Mutual improvement societies (see 10:06 in the video above) emerged as an alternative education option to mechanics’ institutes in early 19th century England. Mechanics’ institutes combined a lending library and lectures to bring literacy and scientific and technical knowledge to working-class people for the benefit of society (as defined by the institutes’ middle- and upper-class funders). Apparently, mutual improvement societies offered education without the condescension of the mechanics’ institute.
Like mutual improvement societies 200 years ago, today’s learning communities are particularly useful when:
The topics are complex and can, therefore, benefit from cognitive diversity.
The questions are related to the application of knowledge: what is the right tool for the job at hand?
The value of the desired outcome of a conversation is greater than the cost of coordination and facilitation.
The Hierarchy of Wisdom
Consider the hierarchy of wisdom, also known as the DIKW Pyramid:
- Data consists of raw, unstructured experiences and phenomena. Data lacks meaning.

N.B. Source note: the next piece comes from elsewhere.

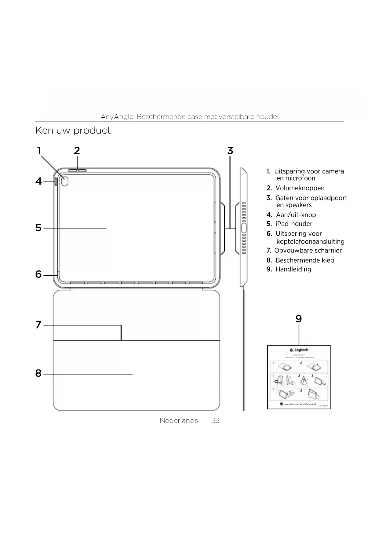 - Zorg dat uw iPad met de juiste kant in de houder is geplaatst. Als uw iPad juist wordt geplaatst, is de camera op uw iPad uitgelijnd met het gat voor de camera en microfoon op het folio (raadpleeg 'Ken uw product'). In de liggende positie moet de Home- toets aan de rechterkant zich aan de rechterkant bevinden. Wat vindt u ervan? Neem even de tijd om ons je mening te geven. Hartelijk dank voor de aanschaf van ons product. www.logitech.com/ithink38 Svenska AnyAngle – Skyddsfodral med flervinkelstativ Produktöversikt

- Information names and partitions data into categories.
- Knowledge means understanding correlative, causal, and logical relationships. Knowledge organizes information and is often encapsulated in the form of models.
- Wisdom is the ability to identify and apply relevant knowledge.
Online Courses are Manufactured
Online courses feature a guru—a sage-on-the-stage—who conveys information and knowledge. Communication is primarily one-to-many and emphasizes the delivery of content.
The revenue model of an online course is typically transactional. Online courses offer the prospect of relatively fast initial growth, but long-term growth tends to be linear—it’s largely a function of advertising.
Learning Communities are Cultivated
Learning communities emphasize conversation. Although they benefit from guides or facilitators, communication is characterized as peer-to-peer. Learning communities are best for sharing experiences and developing wisdom or mastery. That is, they are effective at evaluating the conditions under which accumulated knowledge is best applied.
Learning communities have membership subscription models. Initial growth can be slow. However, strong word-of-mouth referrals can drive exponential growth in the long term.